Court of Appeal ruling in 'whistleblowing' case
Members of limited liability partnerships are not ‘workers’ under employment legislation, the Court of Appeal ruled this week dismissing a whistleblowing claim made against City firm Clyde & Co.
English qualified solicitor Krista Bates van Winkelhof alleged that she had been sacked by the firm in 2011, after she made allegations that the managing partner of the firm’s Tanzanian operation Ako Law had engaged in money laundering and corruption.
Bates van Winkelhof brought a whistleblowing complaint against the firm, under Section 47B of the Employment Rights Act 1996, on the grounds that she had made protected disclosures in respect of the senior partner of Ako Law.
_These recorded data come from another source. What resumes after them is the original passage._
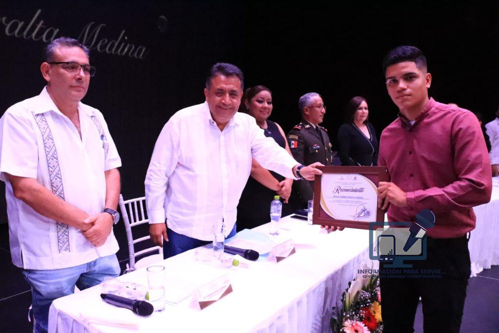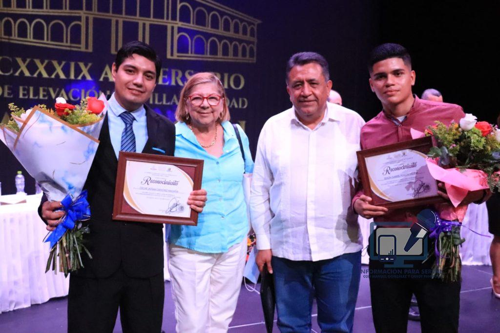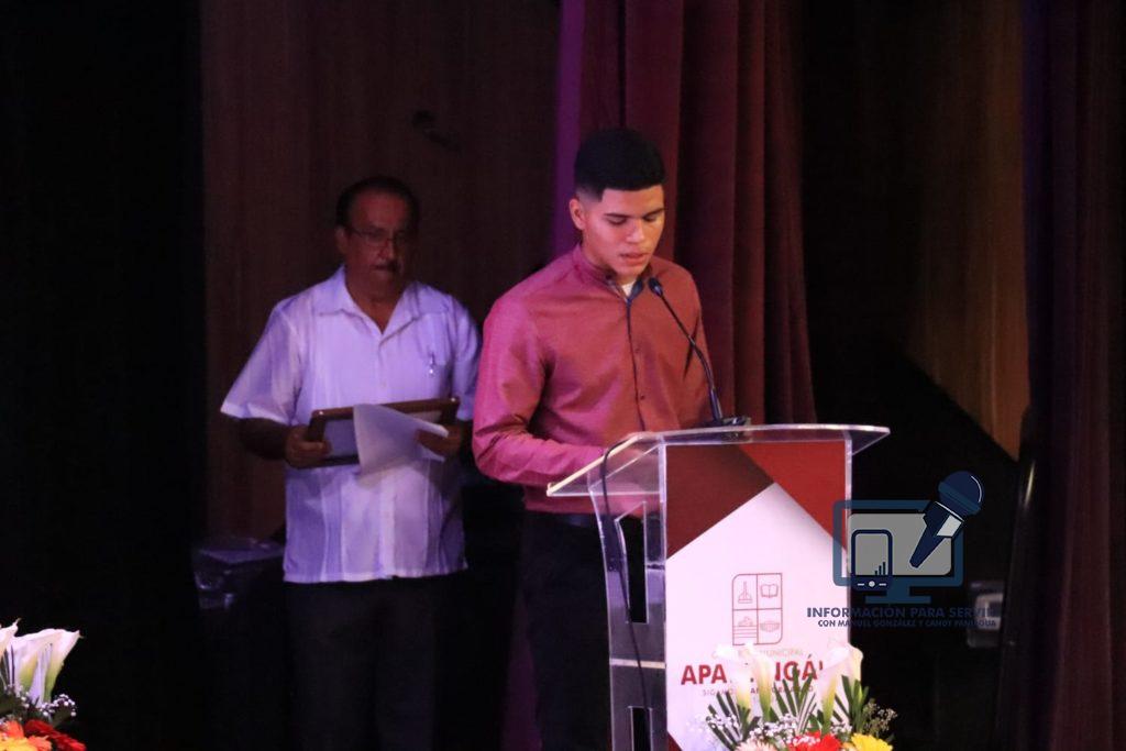 Apatzingán, Mich.- a 21 de Abril del 2022.- Para rendir homenaje a personalidades que han aportado al desarrollo del municipio de Apatzingán, el gobierno que encabeza José Luis Cruz Lucatero en el marco del 139 Aniversario de Elevación de Villa a Ciudad, entregó la condecoración de Ciudadano Distinguido al ingeniero Eliseo Villagrana Villagrana, la distinción de Hija Predilecta para la química Maricruz Campos Díaz en tanto el Merito Juvenil, fue otorgado para Oscar Jassan Sánchez Magaña y el boxeador, Edson Peralta Medina.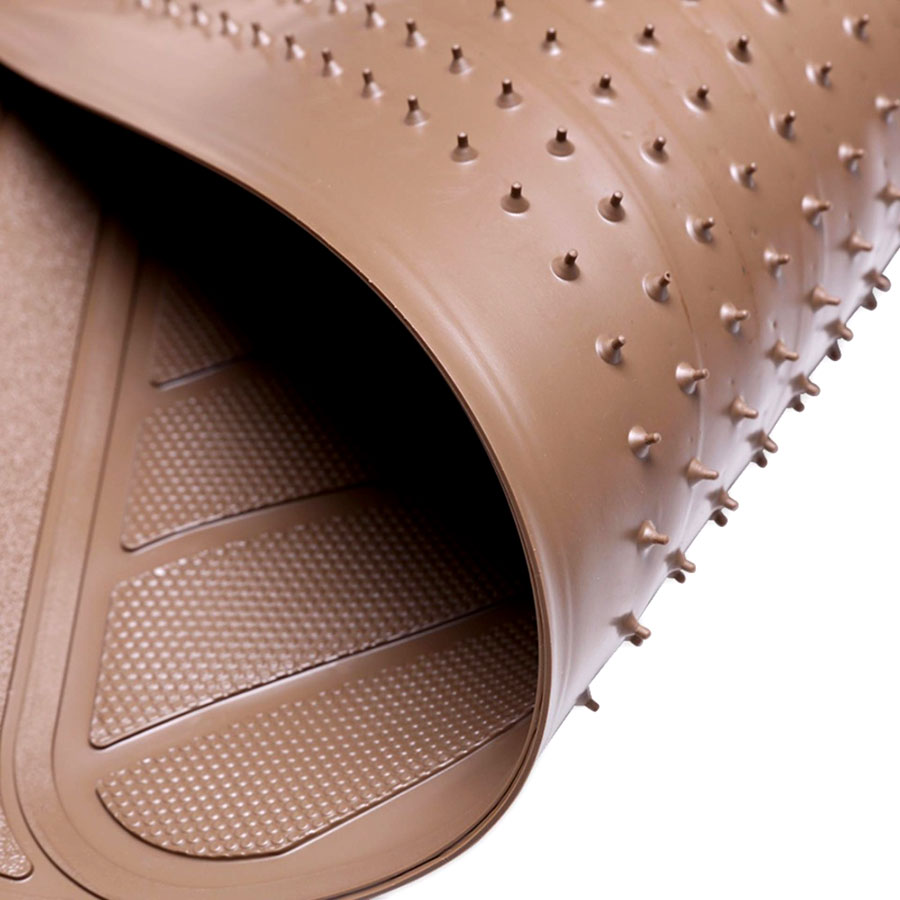 Mặt sau của thảm có gai cách đều nhau giúp bảo vệ mặt sàn của xe, và chống trơn cho người dùng.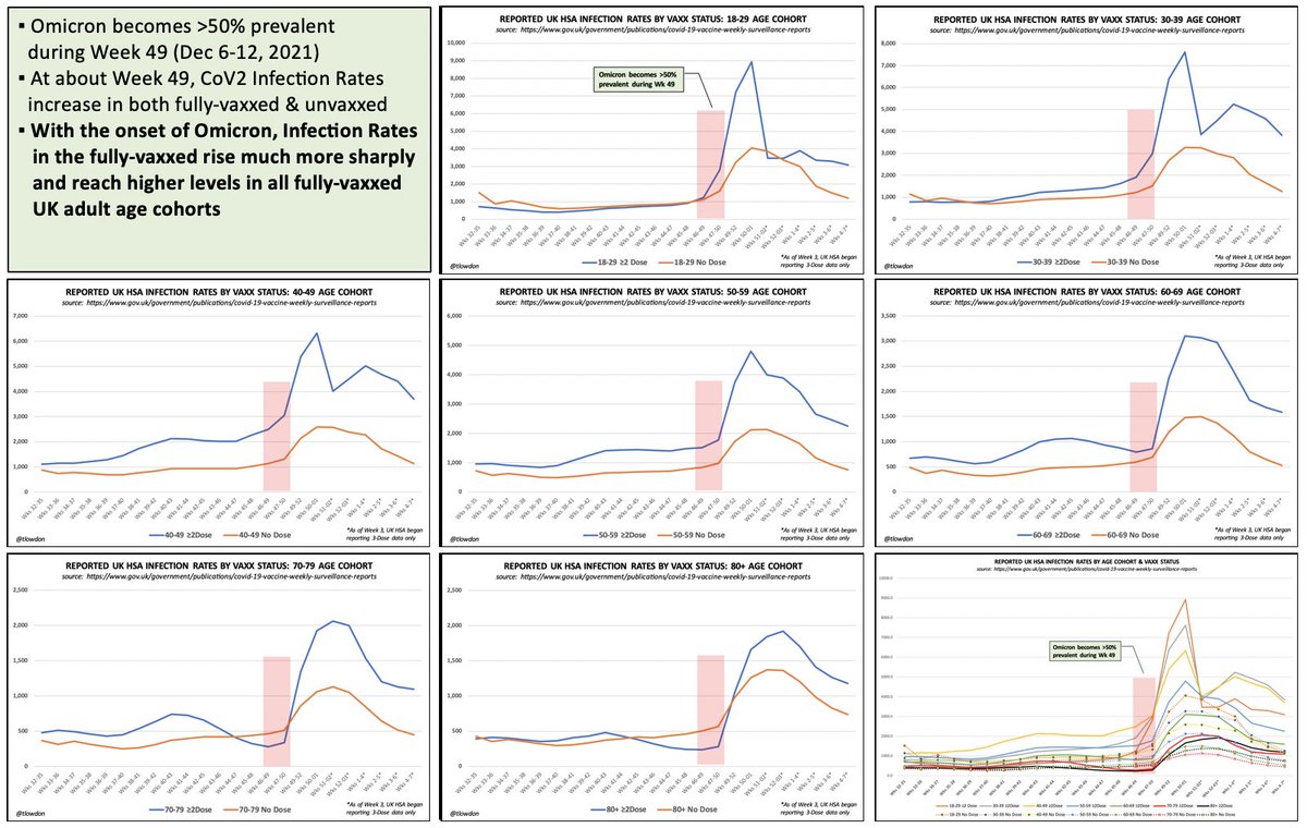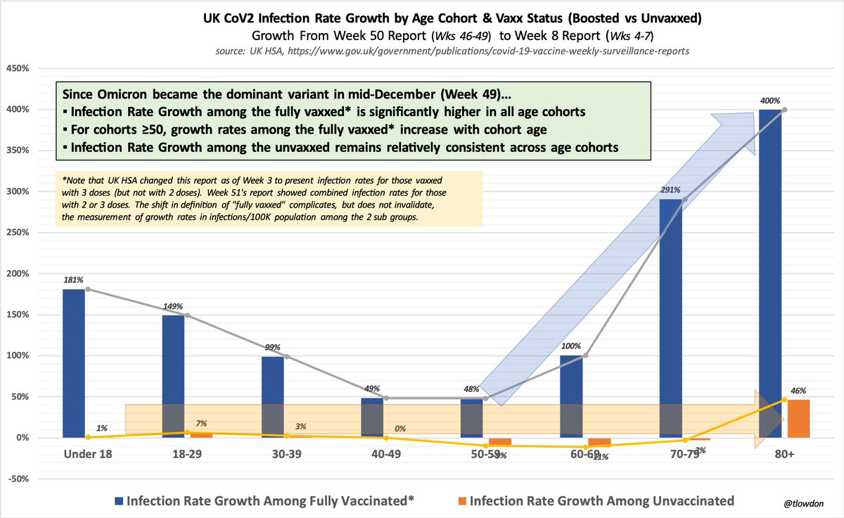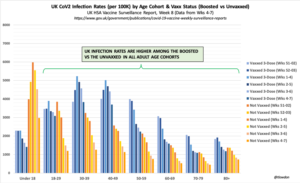 2.24.22: UK infection rates, since Omicron arrived, rose much faster among the boosted vs the unvaxxed & remain higher in all boosted adult cohorts. Both boosted & unvaxxed continue to get infected & spread - and in adults, the boosted much more so - invalidating vaxx mandates.

She also claimed that she had been subject to unlawful sexual discrimination, alleging that her dismissal from the firm was related to her pregnancy.
Led by Lord Justice Elias, the Court of Appeal overturned the Employment Appeal Tribunal’s finding and ruled that a partner in an LLP could not be regarded as a worker for the purposes of the act and she had no jurisdiction to bring the whistleblowing claim.
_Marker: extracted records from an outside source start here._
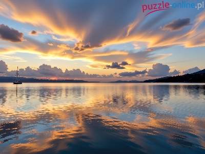 Zachód słońca, Jezioro, Zatoka, Żaglówka, Grafika AI, Wzgórza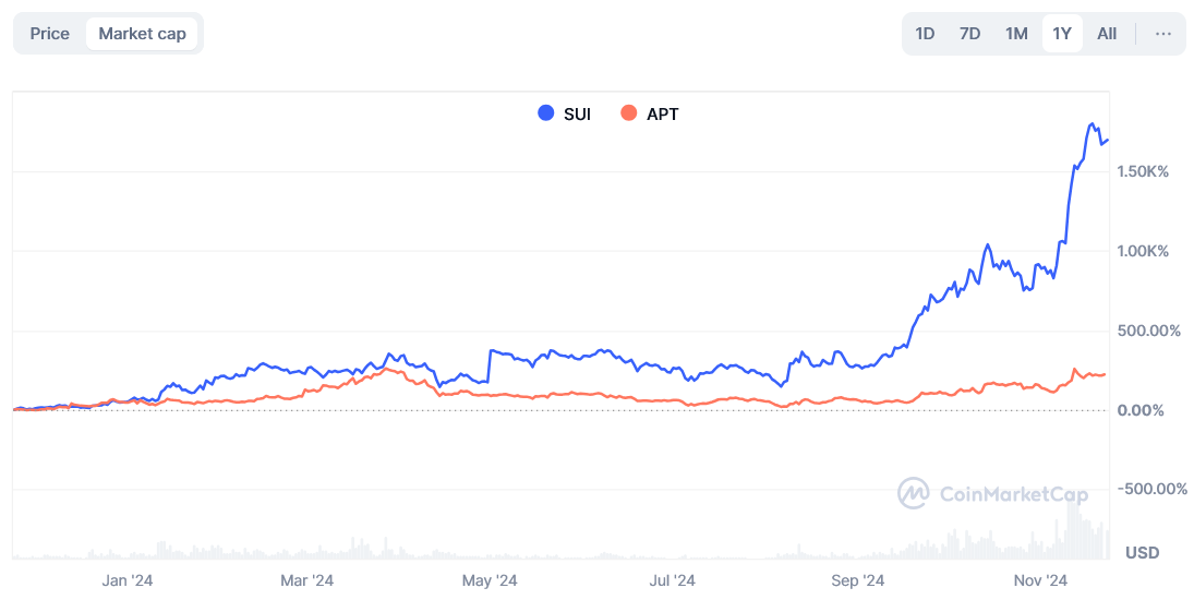 Về diễn biến giá, token SUI đã thể hiện sự vượt trội so với APT trong năm nay, với mức tăng trưởng ấn tượng và vượt qua Aptos về vốn hóa thị trường vào giữa tháng 9.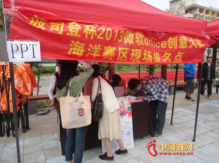 经过玩转PPT社所有成员一个多月的策划和筹备,本次大赛于10月15日在海洋大学海星广场正式拉开帷幕,线下宣传横幅、海报、单页等分别在海星广场现场咨询摊位、横幅悬挂专区、活动宣传栏、小区大厅、寝室门厅和各餐厅门口等启动全面宣传,线上同步在人人网、大赛论坛等网络进行持续宣传,活动得到校社团联合获得大力支持。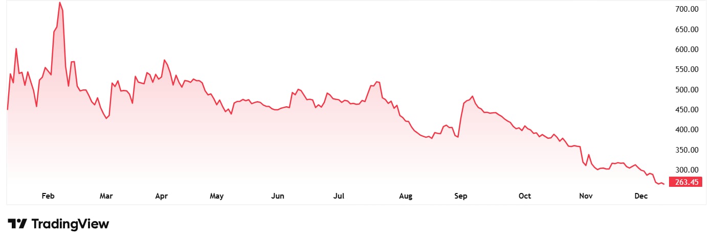 The share price of Quadrant Future Tek Ltd was around Rs 444 when listed in January 2025 and as on 11th December 2025 it was Rs 263, which is a big drop.

Elias said that there were two ‘inter-related’ reasons why partners cannot have status as an employee: ‘The first is legal: since the partnership is not a separate legal entity, the parties are in a relationship with each other and accordingly each partner has to be employed, inter alia, by himself. He would be both workman and employer which is a legal impossibility.
‘The second reason is more sociological. The very concept of employment presupposes as a matter of sociological fact a hierarchical relationship whereby the worker is to some extent at least subordinate to the employer.’
He concluded: ‘In my judgment, therefore, a member of an LLP who, if it had not been registered as an LLP would have been a partner in an 1890 Act partnership, can be neither an employee nor a limb (b) worker within the meaning of Section 230 of the Employment Rights Act 1996. It follows that the claimant cannot pursue her whistleblowing claim.’
But the court ruled that Bates van Winkelhof’s sex discrimination case against the firm can continue, accepting the lower court's rulings that she has a sufficient connection with the UK for the courts to have jurisdiction.
A spokeswoman for Clyde & Co said: ‘Clyde & Co welcomes the Court of Appeal’s decision upholding employment judge Welch’s original finding in respect of Ms Bates van Winkelhof’s legal status during her former role in Tanzania.’
She said: ‘We maintain that Ms Bates van Winkelhof’s claims of detriment were without merit and we entirely refute her remaining claims of discrimination. The firm strenuously denies that she was removed from the partnership as a result of her pregnancy or gender and indeed her other claims of detriment.
‘It was only after the process which led to her departure had begun that Ms Bates van Winkelhof began to make her allegations of discrimination. We continue to believe this issue could, and should, have been resolved through arbitration or mediation, as provided for in our partnership agreement.’